DETAILED DESCRIPTION OF THE PREFERRED EMBODIMENTS
[0017] A method and wireless mobile device employs a virtual file
system and a digital rights management file system, at an operating
system level, and a user space digital rights manager, at an
application or user space level. The user space digital rights
manager is operative to manage digital rights associated with
content that is stored in the digital rights management file
system. For example, although an application may request content
that has digital rights associated with it from the virtual file
system, and the virtual file system communicates with the digital
rights management file system at the operating system level, the
DRM file system redirects the calls to the user space digital
rights manager at the user space level which performs the digital
rights operations.
[0018] In one embodiment, the digital rights management file system
is a partitioned digital rights file directory and a file handler
determines whether a downloaded file is to be stored in the digital
rights management file system based on, for example, file extension
data or MIME type data, or any other suitable data.
[0019] The user space digital rights manager is a type of pluggable
file system module at the user space level that enforces digital
rights. For example, objects related to digital rights management
are accessed via existing file system interfaces (e.g., POSIX open,
read and write calls) used for non-digital right management
objects. Digital rights management objects, such as content files
or digital rights management files, are stored in the partitioned
and special part of the OS file system. In one example, a Linux
operating system is utilized to allow the pluggable user space
digital rights manager to suitably interface with the digital
rights management file system. The user space digital rights
manager manages the actual storage of content files and updates
digital rights management files if present and maintains
associations between the content file and an associated rights
file. Also, only trusted software applications are allowed access
to the content files.
[0020] Referring to FIG. 1, there is provided a schematic view
illustrating an embodiment of a wireless communication system 100.

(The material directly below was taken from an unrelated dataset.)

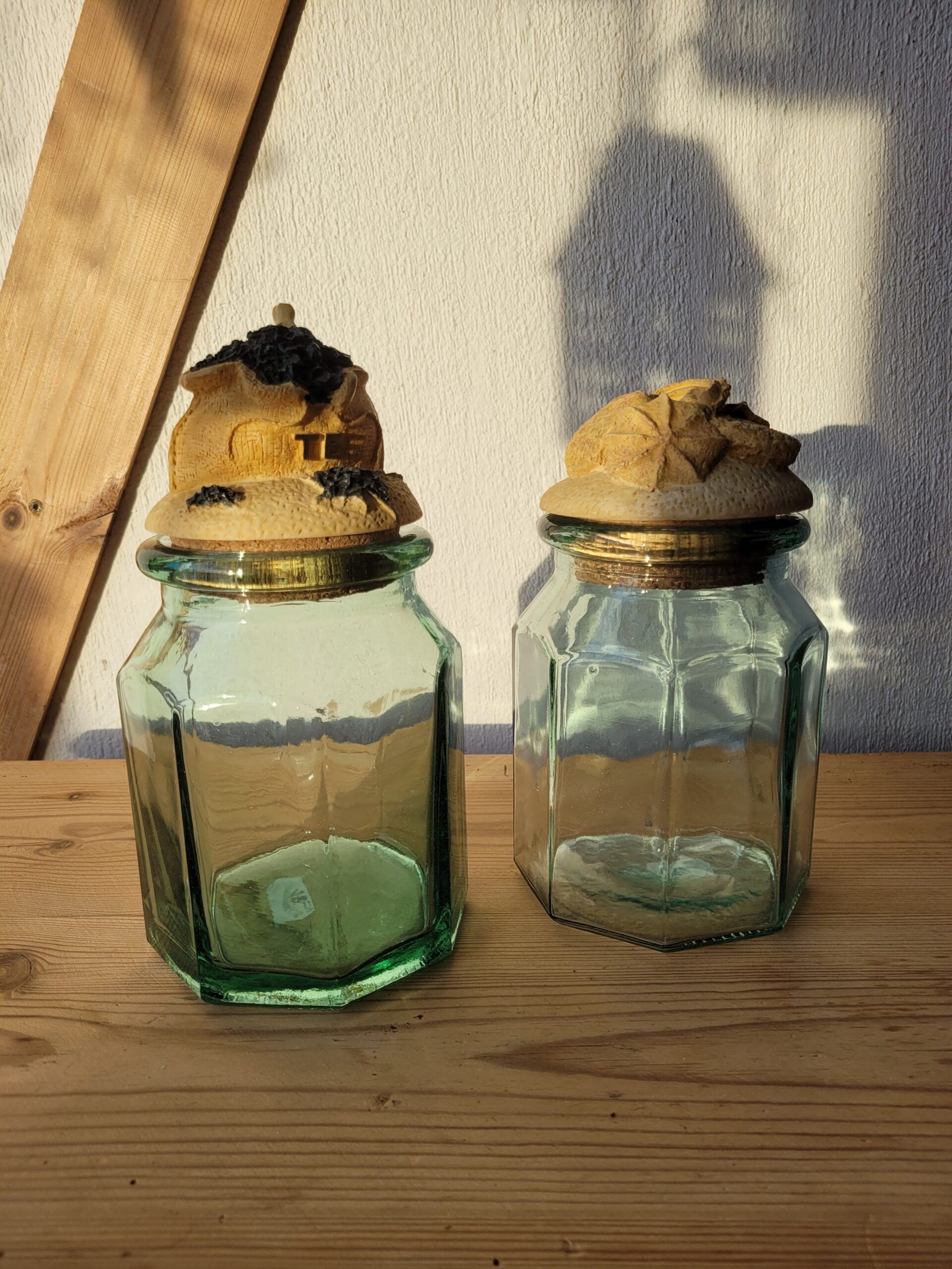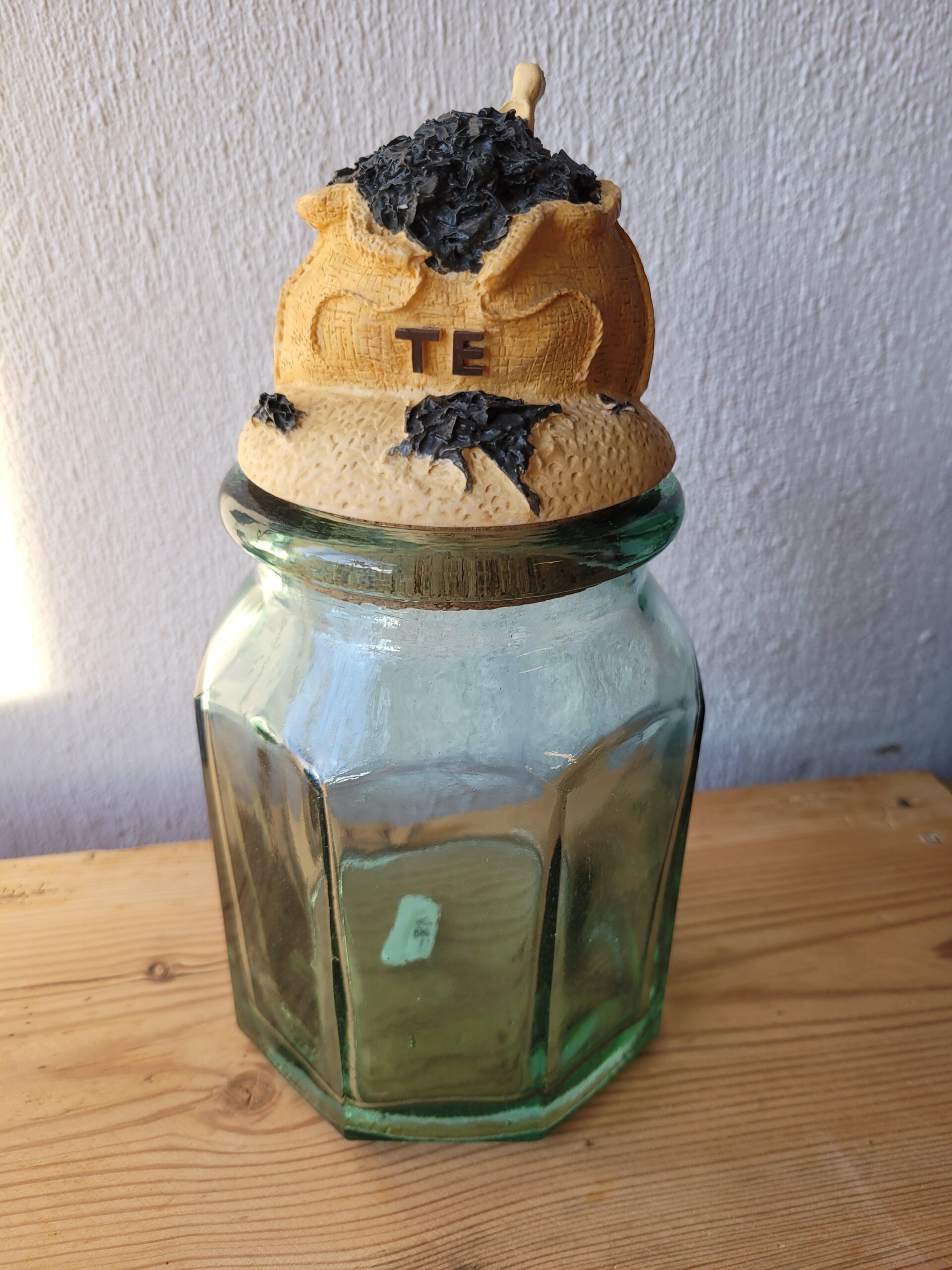 Paksust klaasist purk tee või muu meelepärase hoiustamiseks. Armas pilgupüüdja köögis. Keraamilisel kaanel on kujutatud kotti teepuruga. Korgist kaas tagab õhukindluse ja tooted säilivad purgis värskena.

The wireless communication system I 00 includes a wireless
communication device 102 communicating with a wireless
communication network 104 through a wireless link 106. Any type of
wireless link 106 may be utilized for the present invention, but it
is to be understood that a high speed wireless data connection is
preferred. For example, the wireless communication network 104 may
communicate with a plurality of wireless communication devices,
including the wireless communication device 102, via a
cellular-based communication infrastructure that utilizes a
cellular-based communication protocols such as AMPS, CDMA, TDMA,
GSM, iDEN, GPRS, EDGE, UMTS, WCDMA and their variants. The wireless
communication network 104 may also communicate with the plurality
of wireless communication devices via a peer-to-peer or ad hoc
system utilizing appropriate communication protocols such as
Bluetooth, IEEE 802.11, IEEE 802.16, and the like.
[0021] The wireless communication network 104 may include a variety
of components for proper operation and communication with the
wireless communication device 102. For example, for the
cellular-based communication infrastructure shown in FIG. 1, the
wireless communication network 104 includes at least one base
station 108 and a server 110. Although a variety of components may
be coupled between one or more base stations 108 and the server
110, the base station and server shown in FIG. 1 is connected by a
single wired line 112 to simplify this example.
[0022] The server 110 is capable of providing services requested by
the wireless communication device 102. For example, a user of the
device 102 may send a request for assistance, in the form of a data
signal (such as text messaging), to the wireless communication
network 106, which directs the data signal to the server 110. In
response, the server 110 may interrogate the device and/or network
state and identify one or more solutions. For those solutions that
require change or correction of a programmable module of the device
102, the server 110 may send update data to the device via the
wireless link 106 so that the programmable module may be updated to
fulfill the request. If multiple solutions are available, then the
server 110 may send these options to the device 102 and await a
response from the device before proceeding.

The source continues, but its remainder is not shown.